As I get older I tend to look back on some of the choices that I’ve made in the past. (did I really want fries with that? Should I have gone with salad? Or would I have been happy enough with just the burger? ) Is it the same for everyone as you age? What might the outcome of something had been if I’d chosen a completely different menu path? (I’d probably not be as heavy if only I had of avoided those tasty fries; thank heavens for Lipitor) Have I ‘evolved’ or simply gone along for the ride?
Someone once said to me that he was an expert in his chosen field because he had twenty years experience on the job (and with the same company).

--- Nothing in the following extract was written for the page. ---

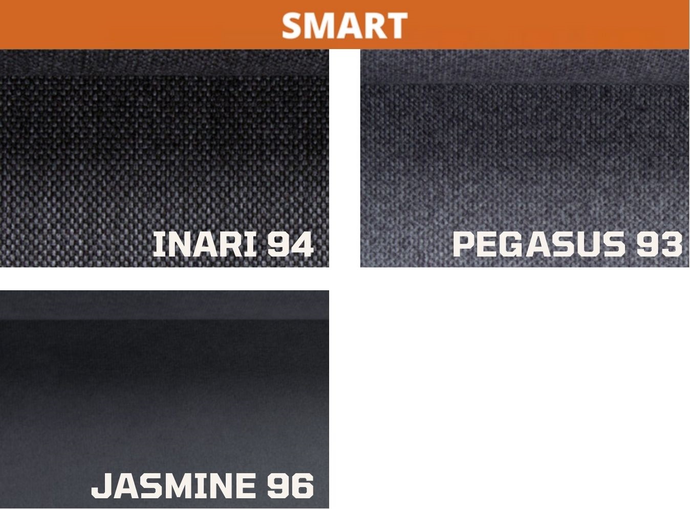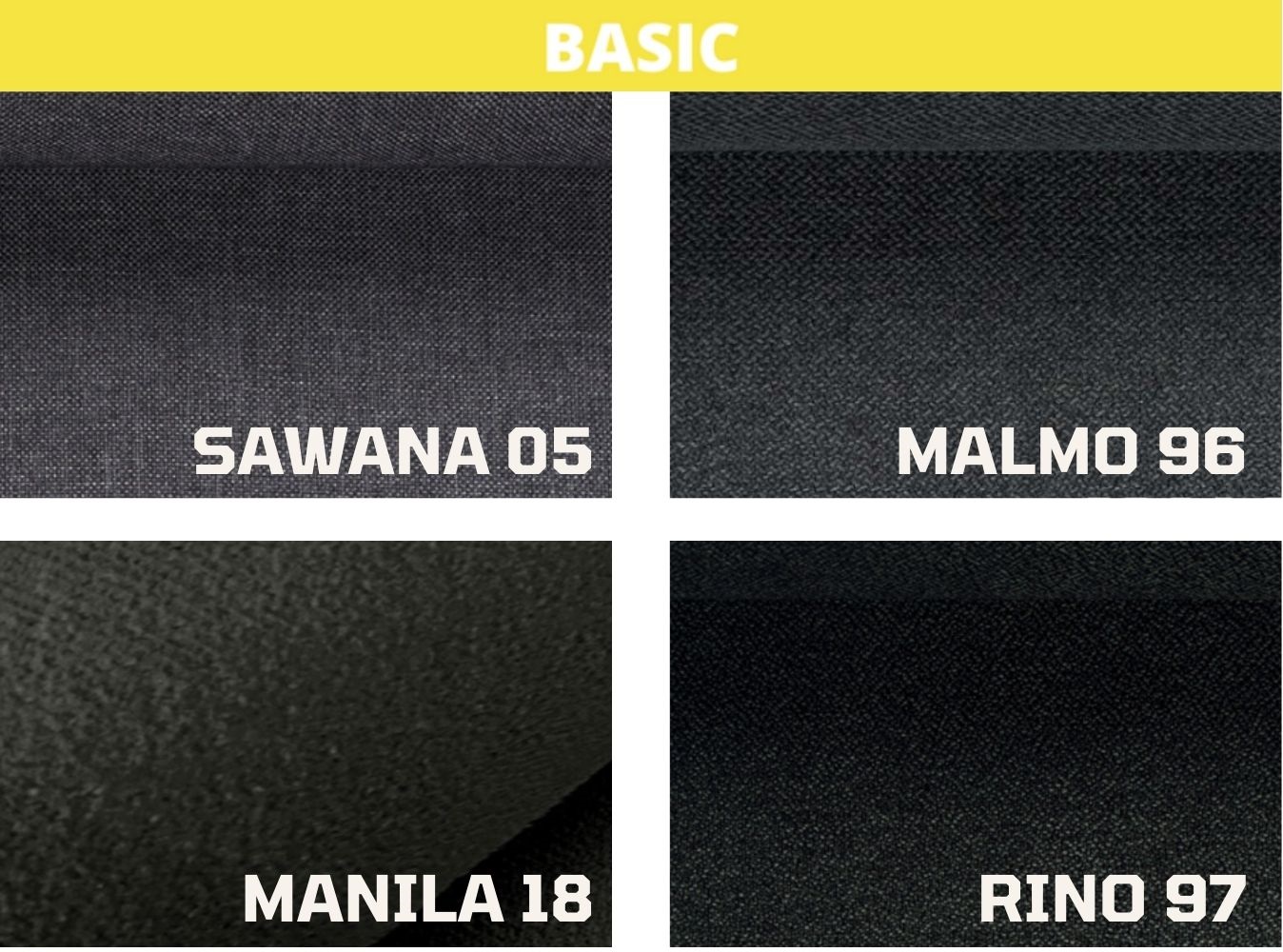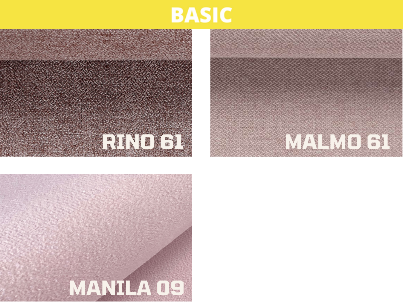 wykonywany w standardzie z łatwoczyszczących tkanin. Mebel na zdjęciach przedstawiamy w bardzo miłym w dotyku materiale Manila, który dodaje mu szyku i elegancji w stylu Glamour. W standardzie masz jeszcze do wyboru materiał Sawana, który sprawi, że sofa z funkcją spania nabierze bardziej skandynawskiego charakteru. Materiał Malmo, który nada kanapie niepowtarzalny trójwymiarowy wygląd oraz impregnowany materiał Rino, dzięki któremu nawet wylane wino nie będzie problemem.
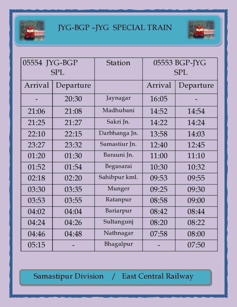 For the convenience of passengers, East Central Railway has decided to run special train Bhagalpur-Jaynagar- Bhagalpur (Train No. 05553 / 05554)

I was suitably impressed then sat and thought more about that statement a bit. (while I ate a few fries) What was he really saying? Was it, “I have twenty years experience on the job” or rather, “I have one years experience twenty times.” Had he ‘evolved’ or just remained relatively the same?
Perhaps that is a question that can only be answered by a higher authority than I.
Perhaps there is no ‘right’ answer; only lefts.
Perhaps every bone is connected, and it doesn’t matter what road you take so long as you don’t fall over a rock (or untied shoelace) and break any of them.
Maybe I need to make a list of things that had circumstances been different I might have done.
Maybe I need to actually ‘do’ some of those things on that list. Experience them fully without bumping into..well, you know..the guy in the dark robe.
Maybe I need to ‘walk the walk’ and not’ talk the talk’.
Maybe I should check my thesaurus and find another word (s) to use instead of ‘maybe’ all the time.
Life is definitely full of multiple choices.
You say ‘tomato; I say ‘tomahto’. You say ‘potato’; I say ‘potahto’.
Everything is relative.
And, speaking of relatives, I wonder what this fish did evolve in to? (maybe me) But, it would have stayed the same had it not left the security of the pond.
So, is it time for a change? Are you ready to leave the warm waters of ‘same old, same old’?
If so, then I humbly suggest you take along some scuba gear. You may occasionally wish to return to your humble beginnings for a bit of familiarity from time-to-time, and to visit those whose road was not as dry and traveled as yours.